There is obvious romantic chemistry between Wallace and Ann, and when he offers to investigate the matter, Harriet readily agrees. Wallace and Manny take off to track down the mysterious white stallion. As they track the stallion, they are led to a remote ranch, which is the hideout of Arnold and his gang of rustlers, which includes the ranch hands from the Arrowhead Ranch. In the corral are the next bunch of stolen horses they plan to sell. They realize the white stallion led them to the rustlers. They open the corral gate and release the stolen horses, who are led away by the stallion. After a fierce gun battle, Wallace and Manny take the gang and deliver them to the sheriff, after which they return the horses to their rightful owners.

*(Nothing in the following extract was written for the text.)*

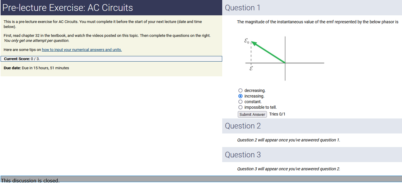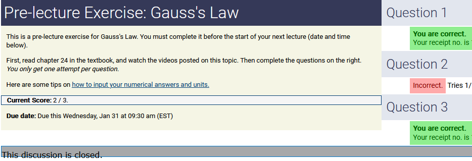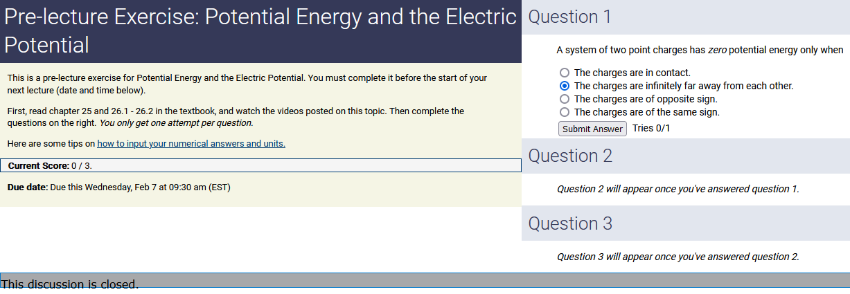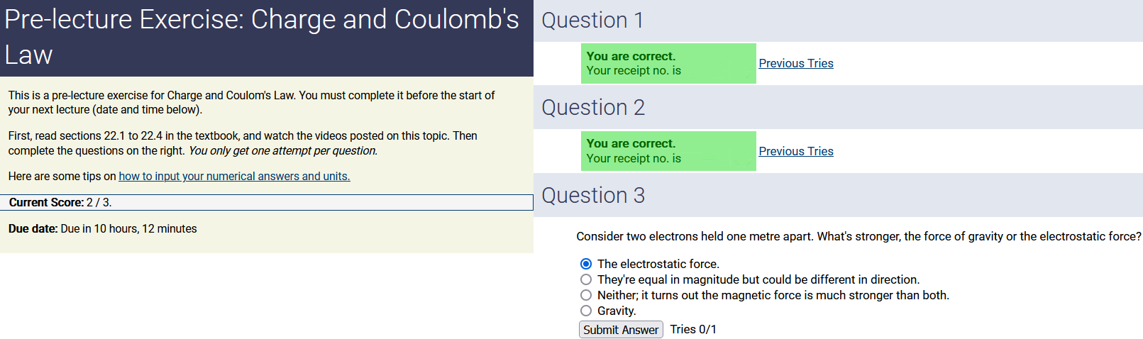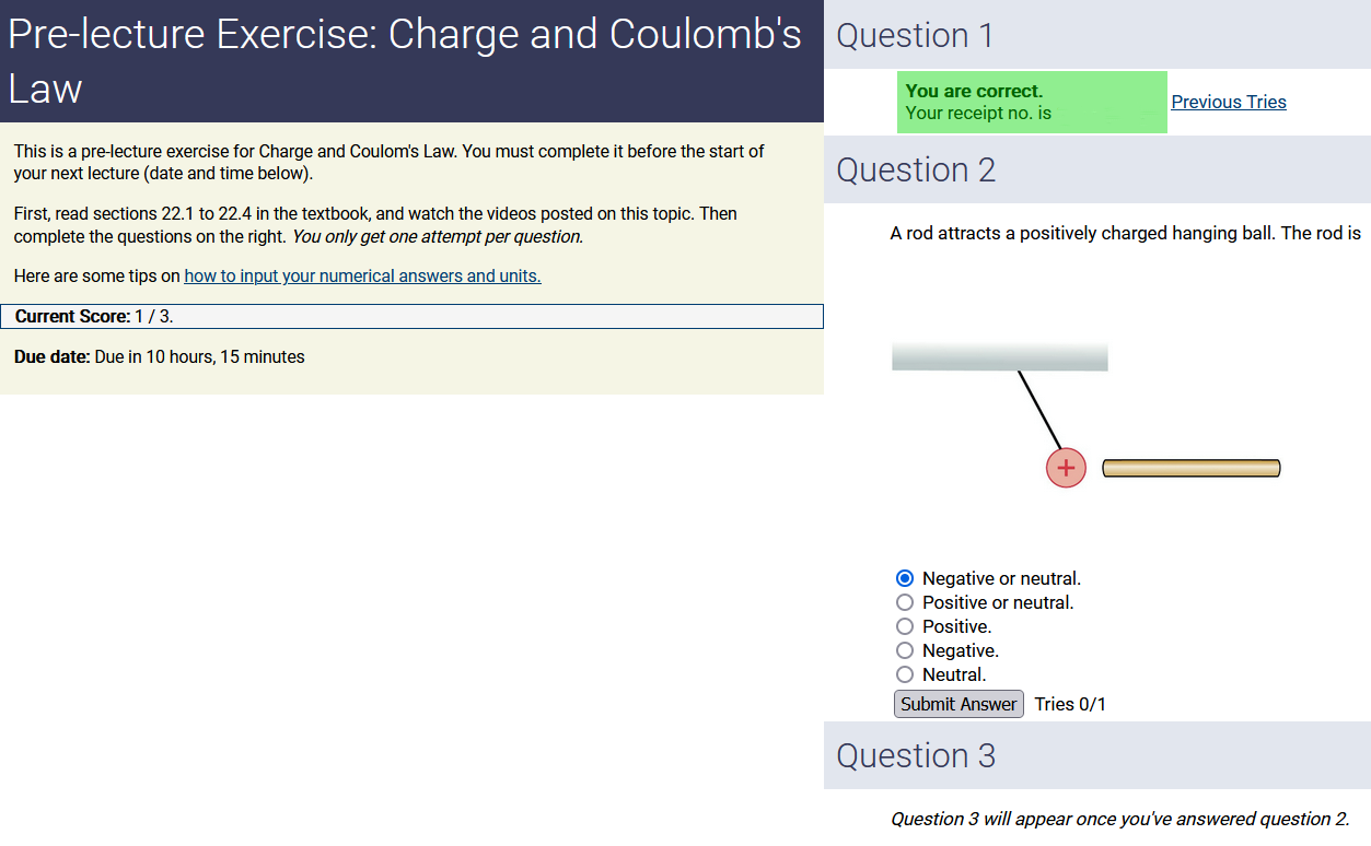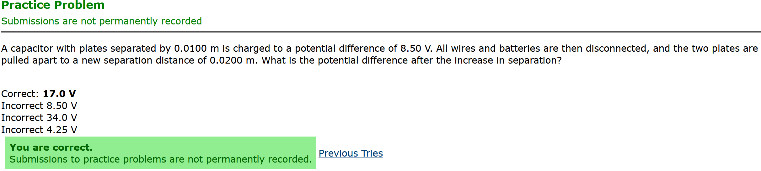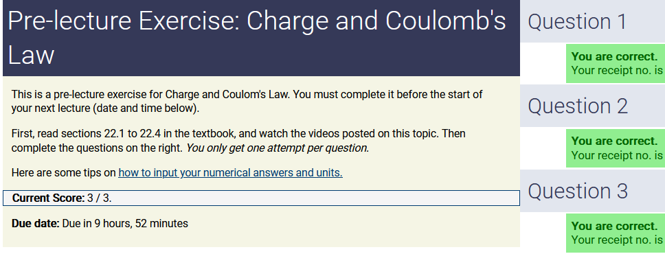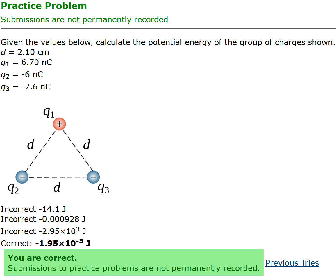 To make it clear how different questions can vary, I will labelling them based on the 2 ways they can change between attempts: 'Lim-Var' denotes questions with a limited number of variations (for example, if a formula has, say, 4 variables in it, and the question asks "what will happen to the answer if the variable __ is doubled in mangitude?", then this question will very likely have 4 'variations' total, which means this question can change the variable it's asking about in 4 different ways between attempts). 'Inf-Var' denotes questions with infinite variations (every single attempt of this question will have different numbers to go with it, and the numbers may be barely or very different). Note that a question can be both of these types at the same time. Also note that not every variation of a Lim-Var question will be available.

Returning to the ranch, Wallace is embraced by Ann, and agrees to settle down on the ranch.

==Production==
In late April, 1940 it was reported that production on the film had begun. Filming was concluded by May 8, and it went into the editing room shortly after. While a release date had not yet been set, in mid-May it was revealed that Jack Randall would be in the starring role, with the rest of the cast including Frank Yaconelli, Phyllis Ruth, Marin Sais, Ralph Hoopes, and Tom London. Raymond K. Johnson was announced as the director, with the screenplay by Karl Krusada, while Harry Webb would handle the producing duties. On June 1, it was reported that the release date for the film would be June 18. However, the release was delayed by one week, releasing on June 25. The Legion of Decency gave the film a class A1 rating, meaning it was "Unobjectionable for General Patronage".

==Reception==
The Film Daily gave the picture a lukewarm review, calling it a "routine western", but saying that it had enough "action to make it okay for cowboy fans". They complimented the direction and cinematography. Showmen's Trade Review likewise gave the film a lukewarm write-up. They felt that there were some "inconsistencies" in the plot, like the lead being able to read by moonlight, and also were less kind to the cinematography, which they felt was static. While they felt the romantic angle left much to be desired, they felt that the film had its entertaining moments and, like The Film Daily, felt that it would have appeal for fans of the Western genre.